### The task:
Reproduce the lines below verbatim. Pictures are to be omitted.

### Available data:
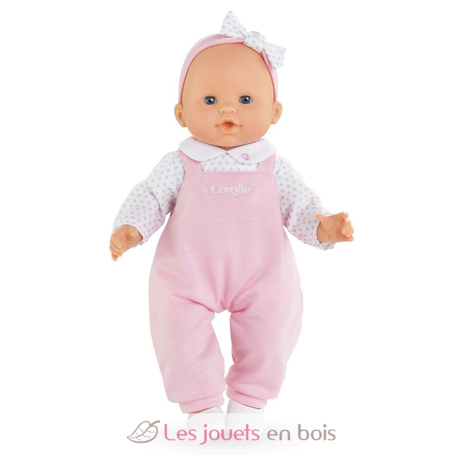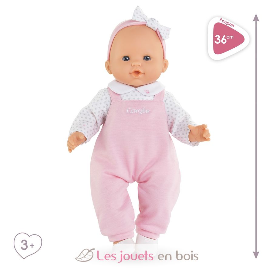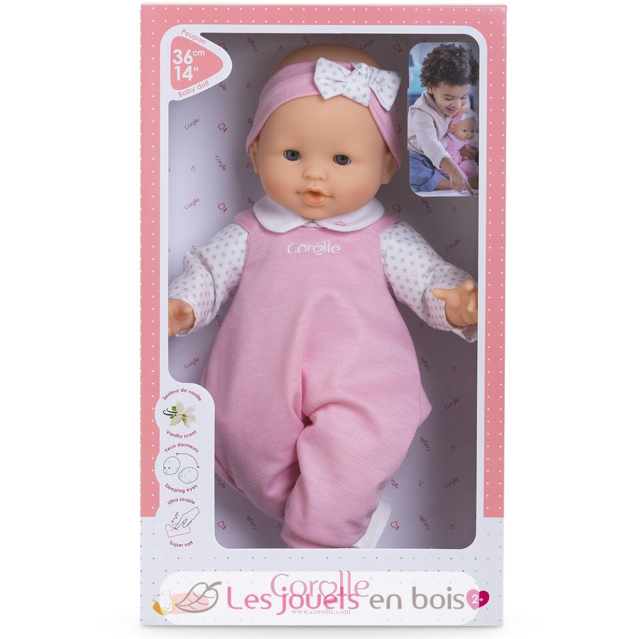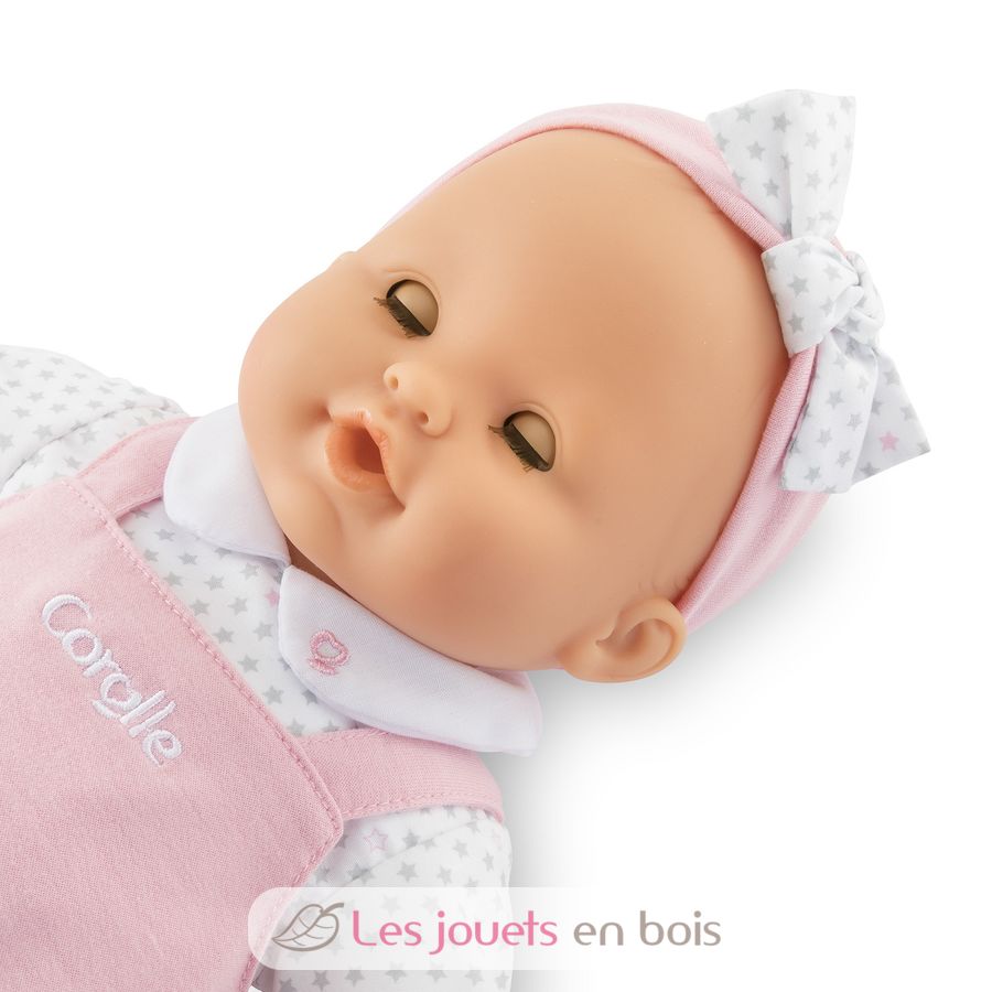 Son corps souple lui permet de prendre les mêmes positions qu'un vrai bébé et de tenir assis. Son visage, ses bras et ses jambes sont en vinyle doux au toucher, à la délicate senteur de vanille, signature des poupées Corolle. Avec ses yeux dormeurs, il ferme les yeux pour faire dodo quand on le couche sur le dos. Cette poupée peut prendre une tétine ou bien sucer son pouce.
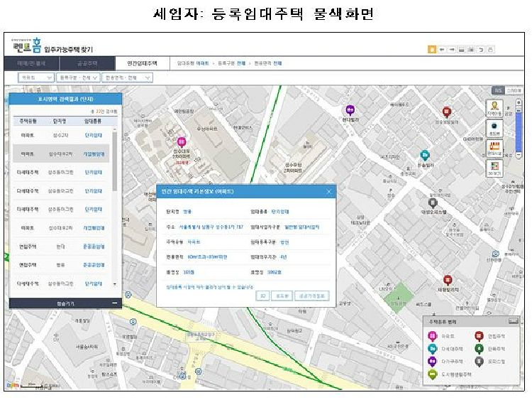 세입자 역시 등록임대주택 소재지를 지도 기반 서비스로 편리하게 확인할 수 있다. 등록한 민간임대주택엔 4~8년 임대의무 기간 안정적으로 거주할 수 있다.
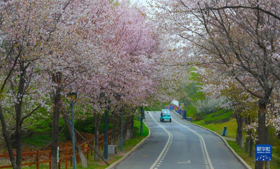 4月17日,游客乘坐游览车在沈阳世博园赏花。新华社记者 杨青 摄
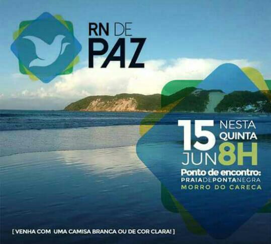 Na manhã de hoje o natalense participou do evento intitulado Um manifesto pela paz! A manifestação pela paz ocorreu na na praia de Ponta Negra próximo ao Morro do Careca. O evento simbólico foi uma iniciativa das ONGs Alefe, Nativa, PaisBrasil e JWBrasil, e com o apoio da OPEN (Ordem de Pastores de Natal) e do OBVIO (Observatório da Violência Letal Intencional no Rio Grande do Norte), como forma de protesto pacífico contra violência em curso no Estado. A partir de hoje será desencadeada uma série de eventos sem conotações político partidárias e com viés exclusivamente social, conclamando segmentos da sociedade civil organizada a agir para concretizar o sonho de paz que todos almejam.

### Answer box:
 Son corps souple lui permet de prendre les mêmes positions qu'un vrai bébé et de tenir assis. Son visage, ses bras et ses jambes sont en vinyle doux au toucher, à la délicate senteur de vanille, signature des poupées Corolle. Avec ses yeux dormeurs, il ferme les yeux pour faire dodo quand on le couche sur le dos. Cette poupée peut prendre une tétine ou bien sucer son pouce.
 세입자 역시 등록임대주택 소재지를 지도 기반 서비스로 편리하게 확인할 수 있다. 등록한 민간임대주택엔 4~8년 임대의무 기간 안정적으로 거주할 수 있다.
 4月17日,游客乘坐游览车在沈阳世博园赏花。新华社记者 杨青 摄
 Na manhã de hoje o natalense participou do evento intitulado Um manifesto pela paz! A manifestação pela paz ocorreu na na praia de Ponta Negra próximo ao Morro do Careca. O evento simbólico foi uma iniciativa das ONGs Alefe, Nativa, PaisBrasil e JWBrasil, e com o apoio da OPEN (Ordem de Pastores de Natal) e do OBVIO (Observatório da Violência Letal Intencional no Rio Grande do Norte), como forma de protesto pacífico contra violência em curso no Estado. A partir de hoje será desencadeada uma série de eventos sem conotações político partidárias e com viés exclusivamente social, conclamando segmentos da sociedade civil organizada a agir para concretizar o sonho de paz que todos almejam.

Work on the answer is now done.